牛结核病(bTB)通常基于对一组名为牛结核菌素(PPDB)的复合抗原的迟发型超敏反应,在体内和体外进行诊断。用于bTB的γ-干扰素释放试验(IGRA)是一种基于血液的检测方法,可提高对早期逃避皮肤检测的感染牛的检测能力。已对使用特定蛋白质的γ-干扰素检测进行改进以提高灵敏度。DosR调控子相关抗原是在感染的非复制阶段表达的众所周知的分枝杆菌蛋白,这有助于改善疑似个体中亚临床型结核病的诊断。我们的研究小组在γ-干扰素检测呈阴性的牛的淋巴结中鉴定出了DosR基因mb2054c、mb2057c和mb2660c的转录本。这使我们推测,DosR相关蛋白可能会增强γ-干扰素对PPDB的反应,从而在γ-干扰素检测呈假阴性的动物中使亚临床感染显现出来。通过IGRA和对组织样本进行死后微生物学分析对300只动物进行评估,以验证牛分枝杆菌感染。我们发现,300只动物中有176只在使用两种纯化蛋白混合物补充的IGRA中,与单独使用PPDB相比,总体光密度增加,并对其进行亚临床感染检查;当PPDB添加四种DosR抗原混合物时为30%,当PPDB添加六种抗原(四种DosR和两种RD1抗原)混合物时为70%。45只动物显示γ-干扰素大量产生但仍为阴性,40只动物的检测结果变为阳性。在176只高产生γ-干扰素的动物中,只有18只对牛分枝杆菌分离也呈阳性。57只在屠宰时无可见病变且IGRA检测结果为阴性的动物,其组织样本中含有牛分枝杆菌DNA。总之,Mb1762c、Mb2054c、Mb2057c和Mb已鉴定出DosR基因mb2054c、mb2057c和mb2660c的转录本。这使我们推测,DosR相关蛋白可能会增强γ-干扰素对PPDB的反应,从而在γ-干扰素检测呈假阴性的动物中使亚临床感染显现出来。通过IGRA和对组织样本进行死后微生物学分析对300只动物进行评估,以验证牛分枝杆菌感染。我们发现,300只动物中有176只在使用两种纯化蛋白混合物补充的IGRA中,与单独使用PPDB相比,总体光密度增加,并对其进行亚临床感染检查;当PPDB添加四种DosR抗原混合物时为30%,当PPDB添加六种抗原(四种DosR和两种RD1抗原)混合物时为70%。

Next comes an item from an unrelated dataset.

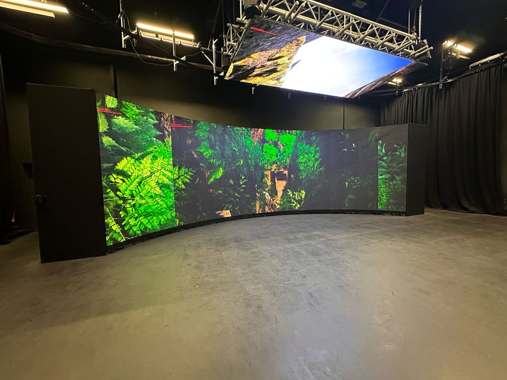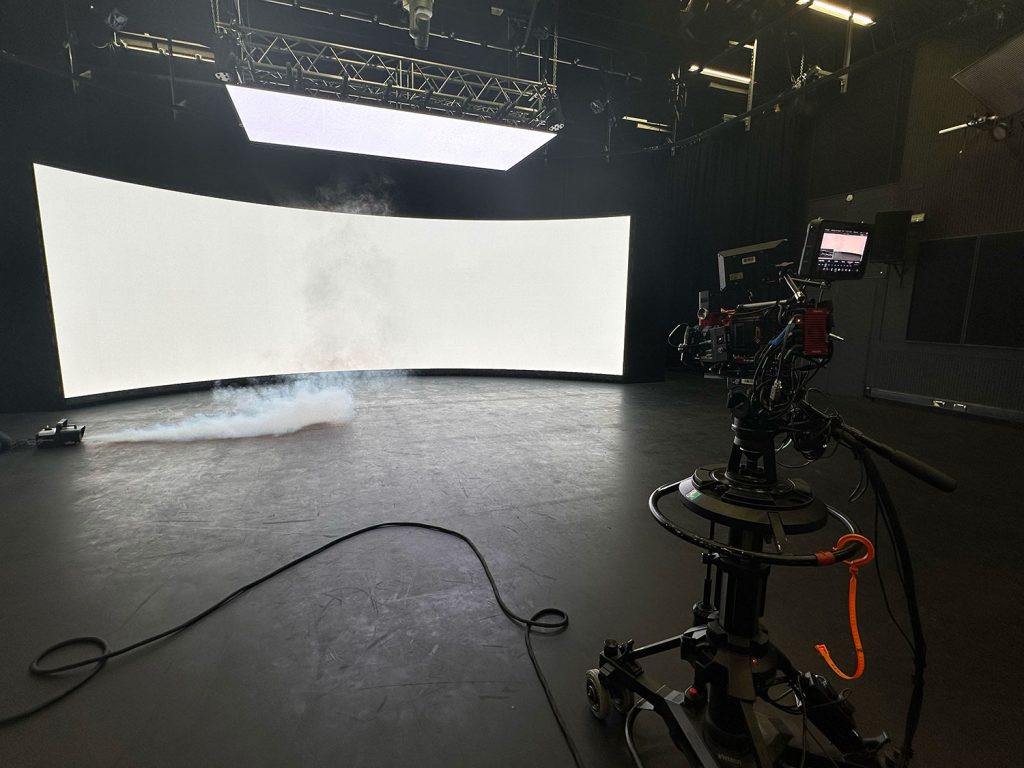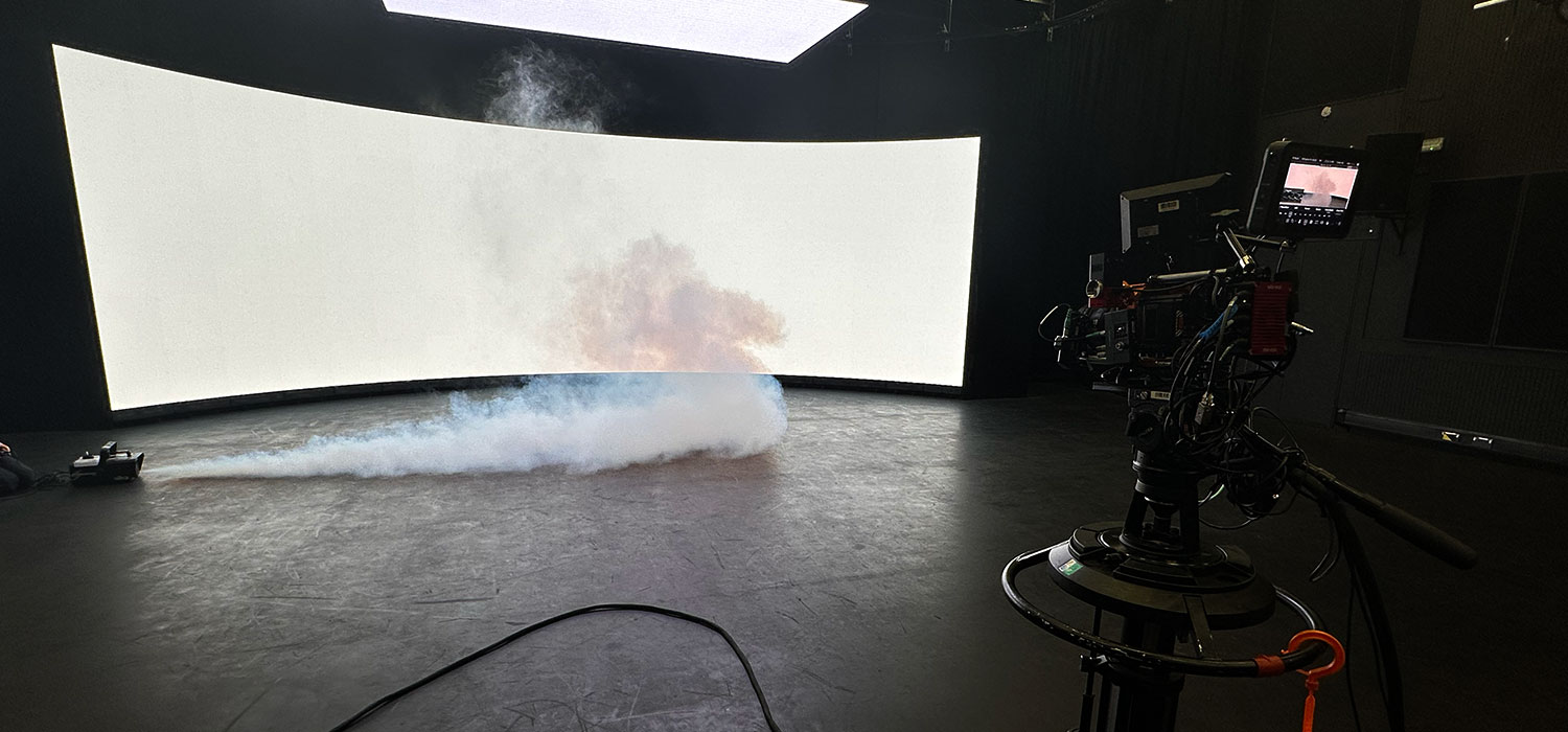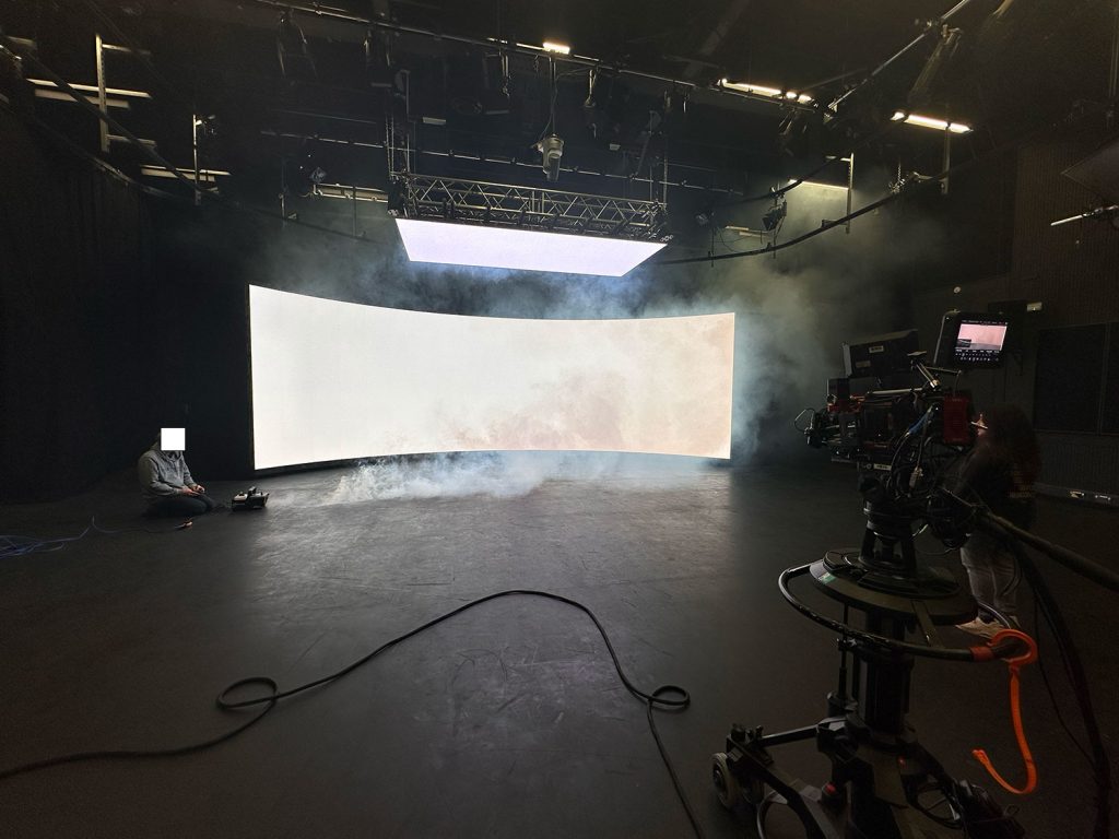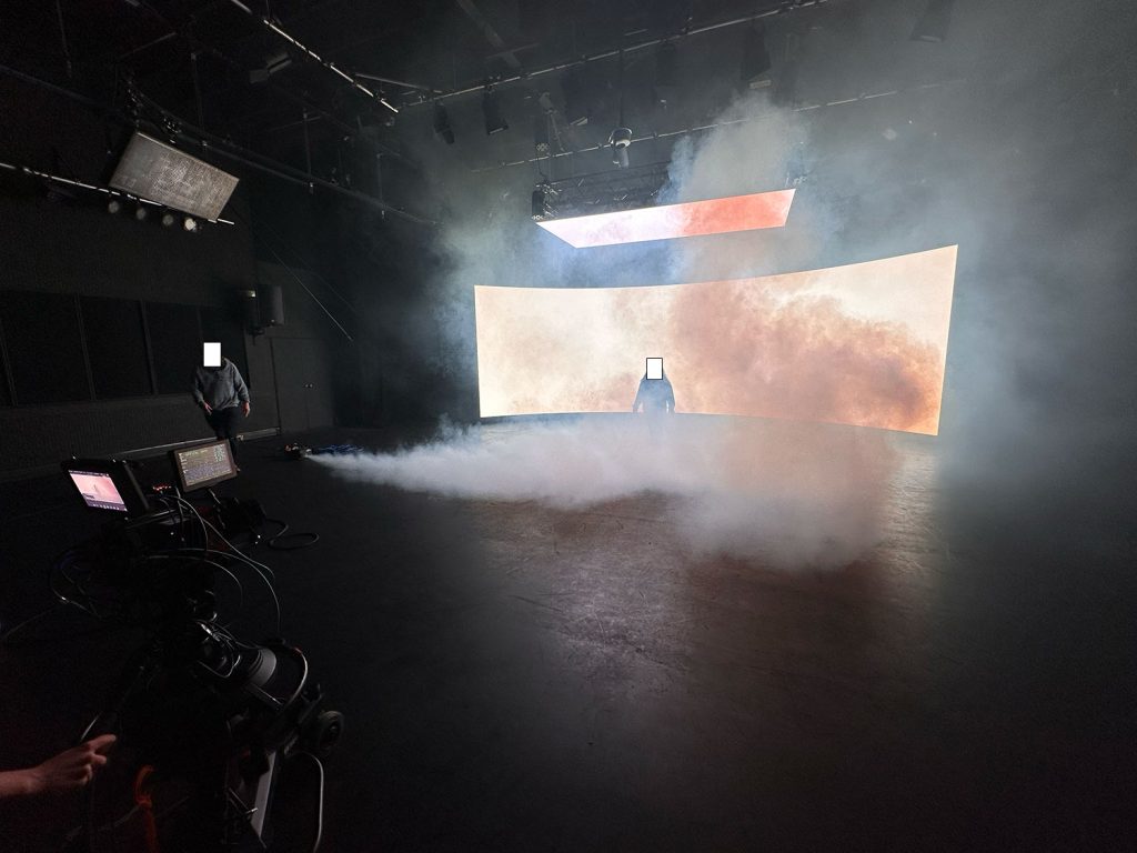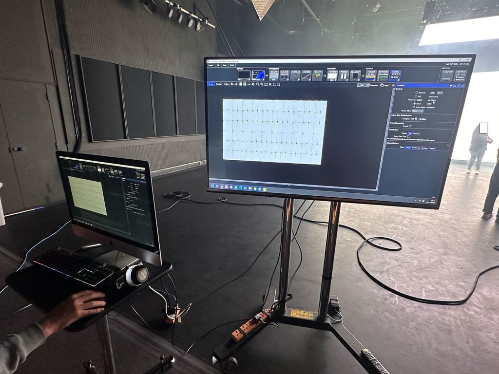 Setup of a white screen in the stage settings and setup of the smoke machine.

45只动物显示γ-干扰素大量产生但仍为阴性,40只动物的检测结果变为阳性。在176只高产生γ-干扰素的动物中,只有18只对牛分枝杆菌分离也呈阳性。57只在屠宰时无可见病变且IGRA检测结果为阴性的动物,其组织样本中含有牛分枝杆菌DNA。总之,Mb1762c、Mb2054c、Mb2057c和Mb2660c在补充到PPDB中时,有可能提高用于bTB诊断的γ-干扰素体外检测的灵敏度。 2660c在补充到PPDB中时,有可能提高用于bTB诊断的γ-干扰素体外检测的灵敏度。